• **Supplied records**
_ _ _

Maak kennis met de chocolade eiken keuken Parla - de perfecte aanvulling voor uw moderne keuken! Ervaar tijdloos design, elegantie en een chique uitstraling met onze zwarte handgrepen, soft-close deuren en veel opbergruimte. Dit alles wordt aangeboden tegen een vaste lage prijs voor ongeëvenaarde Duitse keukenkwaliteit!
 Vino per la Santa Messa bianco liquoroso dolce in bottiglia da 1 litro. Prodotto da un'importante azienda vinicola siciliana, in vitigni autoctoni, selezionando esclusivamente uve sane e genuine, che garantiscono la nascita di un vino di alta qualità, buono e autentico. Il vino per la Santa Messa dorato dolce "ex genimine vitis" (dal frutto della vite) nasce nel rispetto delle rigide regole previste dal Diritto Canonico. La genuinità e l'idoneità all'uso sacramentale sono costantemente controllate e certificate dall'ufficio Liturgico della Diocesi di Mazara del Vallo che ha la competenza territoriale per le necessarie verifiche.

_ _ _

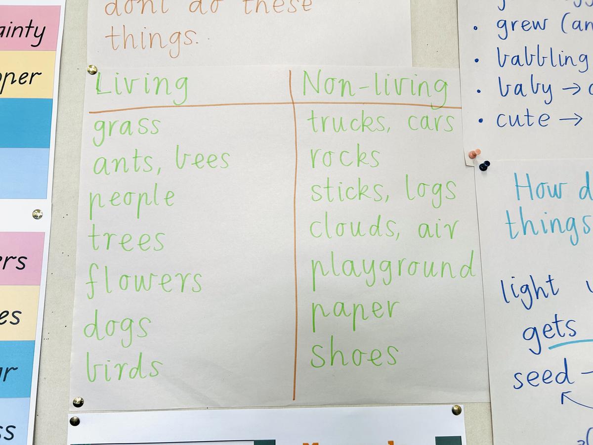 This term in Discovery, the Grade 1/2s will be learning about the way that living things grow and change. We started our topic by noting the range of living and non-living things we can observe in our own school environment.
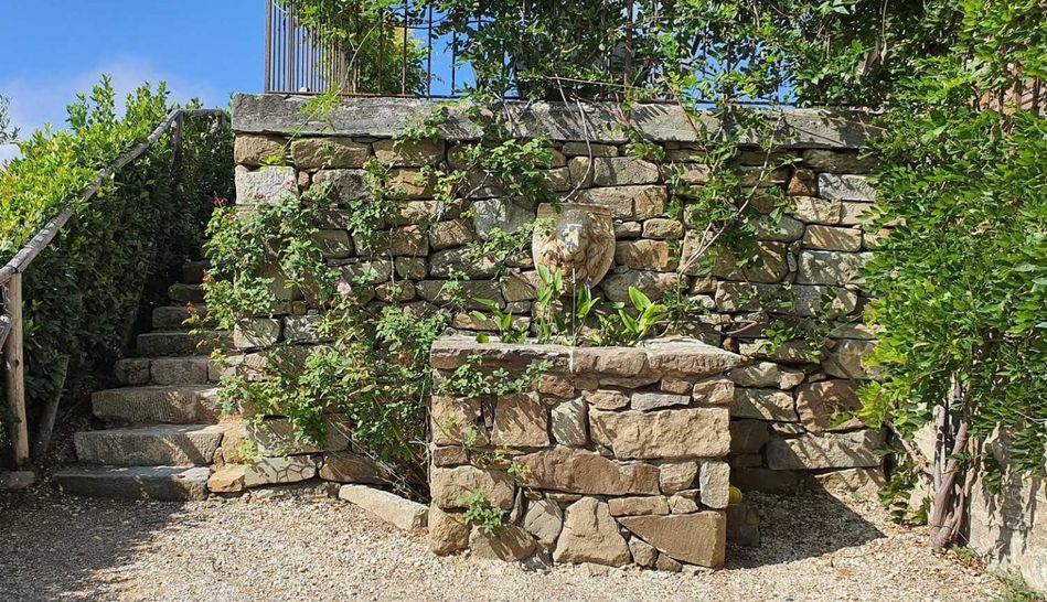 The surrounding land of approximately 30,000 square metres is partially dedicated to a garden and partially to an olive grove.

_ _ _

• **Exercise objective**
Would you copy, word for word, only the lines above from the one containing "This term in" through the one containing "The surrounding land", both included, and please leave out the pictures?

• **Your response**
 This term in Discovery, the Grade 1/2s will be learning about the way that living things grow and change. We started our topic by noting the range of living and non-living things we can observe in our own school environment.
 The surrounding land of approximately 30,000 square metres is partially dedicated to a garden and partially to an olive grove.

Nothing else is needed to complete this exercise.